REL 3: How are you testing the multi-tenant capabilities of your SaaS application?

Introduce automated testing that exercises and validates use cases specific to multi-tenant workloads. Focus on simulating tenant workloads and user experiences that are essential to the stability of your multi-tenant architecture.

Resources

Testing SaaS Solutions on AWS

Best Practices:

Improvement Plan

Validate “noisy neighbor” scale and availability

  • Create tests that simulate various noisy neighbor tenant scenarios for various tenant personas, validating that availability policies are successfully applied to different tenant profiles and tiers.
  • Validate that the noisy neighbor tests exercise the throttling and scaling policies of your system, ensuring that individual tenants won’t impact the availability of your system.
  • Validate that the SLAs associated with tenant tiers are enforced by the SLA and scaling policies of your system.
  • For systems that have public APIs, validate that tenants cannot saturate the API and impact the availability of your system.
  • Validate tenant isolation

  • Create tests to verify that the application is enforcing the tenant isolation policies of your system.
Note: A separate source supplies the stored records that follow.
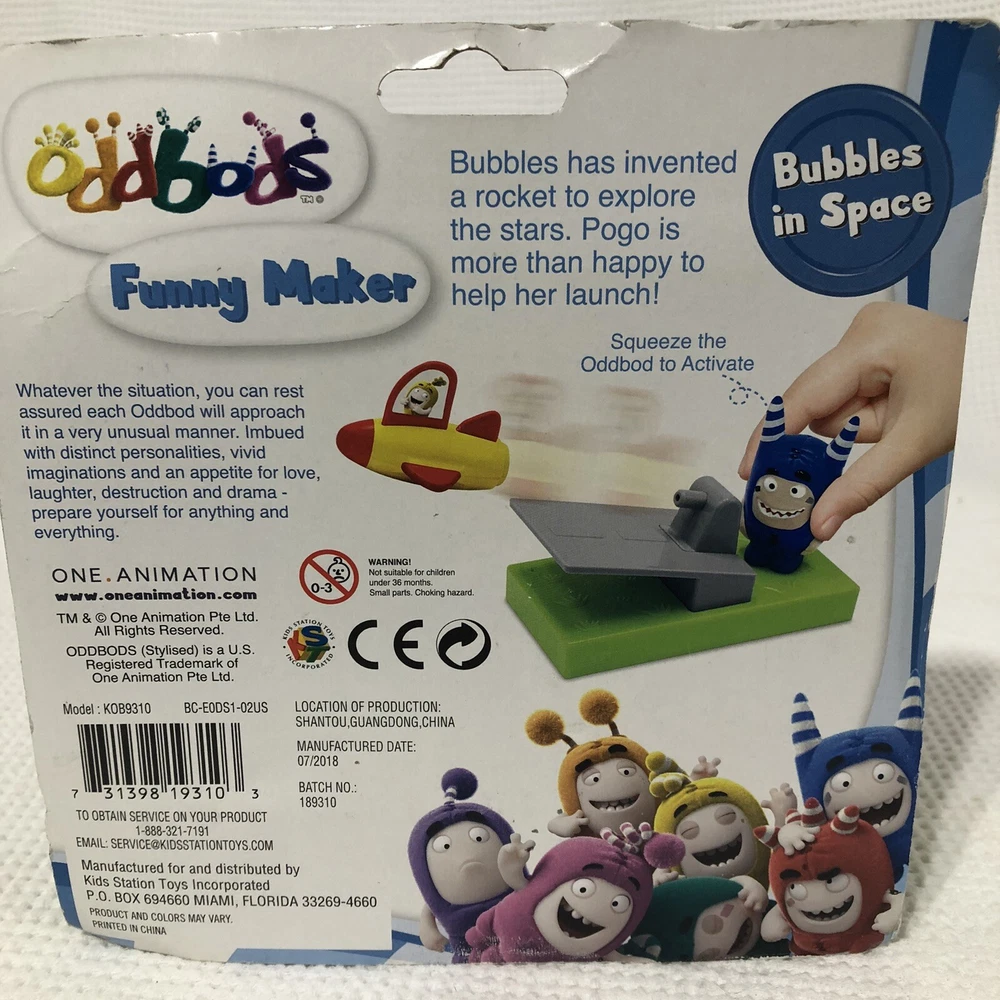 Take your child on a space adventure with the Oddbods Action Figure Bubbles and Pogo "Bubbles In Space" playset. This toy is perfect for kids aged 3 and above who love the Oddbods TV show. The set includes a blue space ship made of durable plastic material and an animator doll of the beloved character Pogo. The playset is boxed and comes with a variety of items to enhance the play experience. The Oddbods Action Figure Bubbles and Pogo "Bubbles In Space" playset is an original and licensed reproduction of the popular animated series. It is a perfect addition to any child's toy collection and will provide hours of imaginative play. Get this hard-to-find toy today and let your child's imagination take them on a thrilling space adventure!
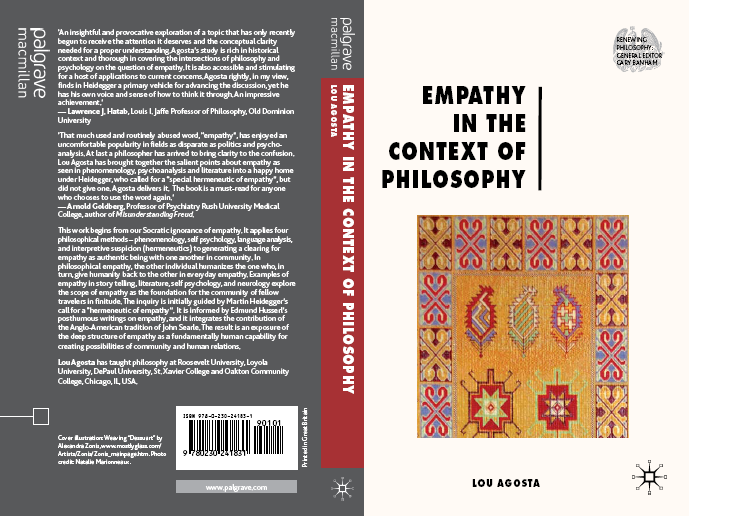Here is the cover art for Empathy in the Context of Philosopy. The picture is the top third of a weaving by Alex Zonis, my wife. The complete weaving, consisting of 250,000 teeny-tiny glass beads can be seen at www.mostlyglass.com under her name (Zonis). Check it out. My ‘friends’ are telling me ‘Well, at least there is some talent in the family!’ In order to get at the text on the back cover, you may need to see the separate post entitled Advanced Praise for Empathy in the Context of Philosophy. I am humbled by the comments of my colleagues and friends.
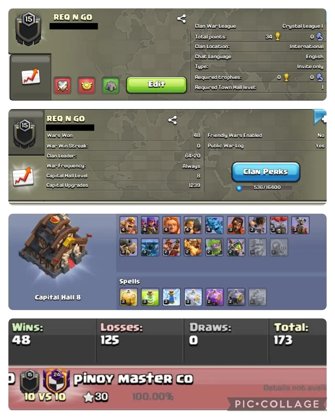 🔥NAME- REQ N GO | LVL 15🥵| 💥WARLOG W/L/D:48/125/0| CWL League: Crystal league 1| CC: ALMOST 9 !!💥

These tests should search for potential opportunities to subvert the isolation model and ensure that misbehaved users cannot cross a tenant boundary.
  • Inject tenant tokens that attempt to simulate a SaaS identity.
  • For applications that are using shared libraries or frameworks to enforce isolation across the system, introduce tests to exercise these frameworks and validate that they accurately apply tenant isolation policies.
  • Create tests that attempt to change the tenant context by injecting a new tenant identifier. Verify that the injection is blocked from crossing a tenant boundary.
  • Exercise key workflows under multi-tenant load

  • Create tests that validate that key workflows of your system respond effectively to the continually evolving load profile of your multi-tenant environment.
  • Simulate multi-tenant load patterns for key system workflows, ensuring that tenant experience and SLAs are not impacted during different scaling states.
  • Validate that the SLAs continue to be met even as the system is scaling up or down to meet the demands of a shifting multi-tenant load.
  • Validate the scale and repeatability of tenant onboarding

  • Enable operations to configure tenant alerts and alarms
  • Create tests to validate that the automation of onboarding is successfully provisioning new tenants with the appropriate infrastructure, configuration, isolation policies, identity footprint, and so on.
  • For systems with specific onboarding SLAs, introduce tests that verify that the onboarding of various tenant configurations will meet your target onboarding SLA requirements.
  • For systems that require tenant validation as part of onboarding, create tests that exercise this validation process and ensure that messaging and first-time entry of the tenant function as required.
  • Ensure that tenancy configuration changes are successfully propagated

  • Create tests to validate that changes in a tenant’s state are properly applied to the running system.
  • Validate that the disabling and reenabling of tenants is successfully enforced as tenants attempt to access your system.
  • Validate that changes to a tenant’s tier is successfully detected and applied to the system, enabling or disabling access to capabilities associated with the tier boundary.
  • Introduce tests that ensure that the limits and policies associated with each tenant tier are being enforced by the system.
  • Validate that deleted tenants are correctly processed by the system (decommissioned, data archived, etc.)